Table of Contents
Fetching ...

Continuous Audio Language Models

Simon Rouard, Manu Orsini, Axel Roebel, Neil Zeghidour, Alexandre Défossez

TL;DR

CALM introduces Continuous Audio Language Models that operate in the continuous latent space of a VAE, bypassing lossy RVQ quantization. By coupling a noise-robust long-context Transformer with a lightweight short-context transformer and a fast continuous consistency head, CALM achieves high-fidelity audio generation with substantial inference speedups compared to diffusion-based and discrete-token baselines. Key innovations include Gaussian temperature sampling, head batch multiplier, latent CFG, and latent distillation, leading to practical 1-step sampling that rivals or surpasses previous state-of-the-art in speech and music tasks. The results demonstrate strong performance for speech continuation, TTS, music continuation, and text-to-music generation, with Pocket TTS illustrating real-time CPU viability on modest hardware.

Abstract

Audio Language Models (ALM) have emerged as the dominant paradigm for speech and music generation by representing audio as sequences of discrete tokens. Yet, unlike text tokens, which are invertible, audio tokens are extracted from lossy codecs with a limited bitrate. As a consequence, increasing audio quality requires generating more tokens, which imposes a trade-off between fidelity and computational cost. We address this issue by studying Continuous Audio Language Models (CALM). These models instantiate a large Transformer backbone that produces a contextual embedding at every timestep. This sequential information then conditions an MLP that generates the next continuous frame of an audio VAE through consistency modeling. By avoiding lossy compression, CALM achieves higher quality at lower computational cost than their discrete counterpart. Experiments on speech and music demonstrate improved efficiency and fidelity over state-of-the-art discrete audio language models, facilitating lightweight, high-quality audio generation. Samples are available at hf.co/spaces/kyutai/calm-samples. Finally, we release Pocket TTS, an open-source 100M-parameter text-to-speech model that can run faster than real time on a laptop CPU: github.com/kyutai-labs/pocket-tts.

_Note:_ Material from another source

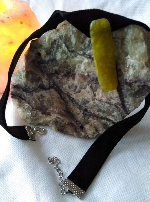 Sametová stužka černé barvy je široká 1,6 cm. Koncovky, prodlužovací řetízek a zapínání je voleno v kovu stříbrné barvy. Sametka je dlouhá cca 36 cm a díky prodlužovacímu řetízku až 41 cm. Sametka je ozdobená nefritem o délce cca 4 cm a šířce cca 1 cm.

Continuous Audio Language Models

TL;DR

CALM introduces Continuous Audio Language Models that operate in the continuous latent space of a VAE, bypassing lossy RVQ quantization. By coupling a noise-robust long-context Transformer with a lightweight short-context transformer and a fast continuous consistency head, CALM achieves high-fidelity audio generation with substantial inference speedups compared to diffusion-based and discrete-token baselines. Key innovations include Gaussian temperature sampling, head batch multiplier, latent CFG, and latent distillation, leading to practical 1-step sampling that rivals or surpasses previous state-of-the-art in speech and music tasks. The results demonstrate strong performance for speech continuation, TTS, music continuation, and text-to-music generation, with Pocket TTS illustrating real-time CPU viability on modest hardware.

Abstract

Audio Language Models (ALM) have emerged as the dominant paradigm for speech and music generation by representing audio as sequences of discrete tokens. Yet, unlike text tokens, which are invertible, audio tokens are extracted from lossy codecs with a limited bitrate. As a consequence, increasing audio quality requires generating more tokens, which imposes a trade-off between fidelity and computational cost. We address this issue by studying Continuous Audio Language Models (CALM). These models instantiate a large Transformer backbone that produces a contextual embedding at every timestep. This sequential information then conditions an MLP that generates the next continuous frame of an audio VAE through consistency modeling. By avoiding lossy compression, CALM achieves higher quality at lower computational cost than their discrete counterpart. Experiments on speech and music demonstrate improved efficiency and fidelity over state-of-the-art discrete audio language models, facilitating lightweight, high-quality audio generation. Samples are available at hf.co/spaces/kyutai/calm-samples. Finally, we release Pocket TTS, an open-source 100M-parameter text-to-speech model that can run faster than real time on a laptop CPU: github.com/kyutai-labs/pocket-tts.

Paper Structure

This paper contains 42 sections, 10 equations, 3 figures, 13 tables.

Figures (3)

  • Figure 1: Overview of our model. During training, latent vectors $\mathbf{x}^s$ are noised to encourage the backbone Transformer to focus on coarse structure. The consistency head is a consistency model conditioned on the latent variable $\mathbf{z_\text{long}^s}$ produced by the backbone, as well as a short-term context vector $\mathbf{z_\text{short}^s}$ computed from a short-context Transformer applied to the most recent clean latent tokens.
  • Figure 2: Average pairwise speaker similarity over 100 unprompted 10s generations, or 100 10s examples from the ground truth dataset as reference. As expected, for both methods models generate more diverse speakers (i.e. less pairwise speaker similarity) as temperature increases.
  • Figure 3: Effect of the head batch multiplier value. Training a model (music consistency CALM) with a higher batch size multiplier fastens the convergence for the FAD metric. All the evaluations are done with 4 steps of consistency at inference time.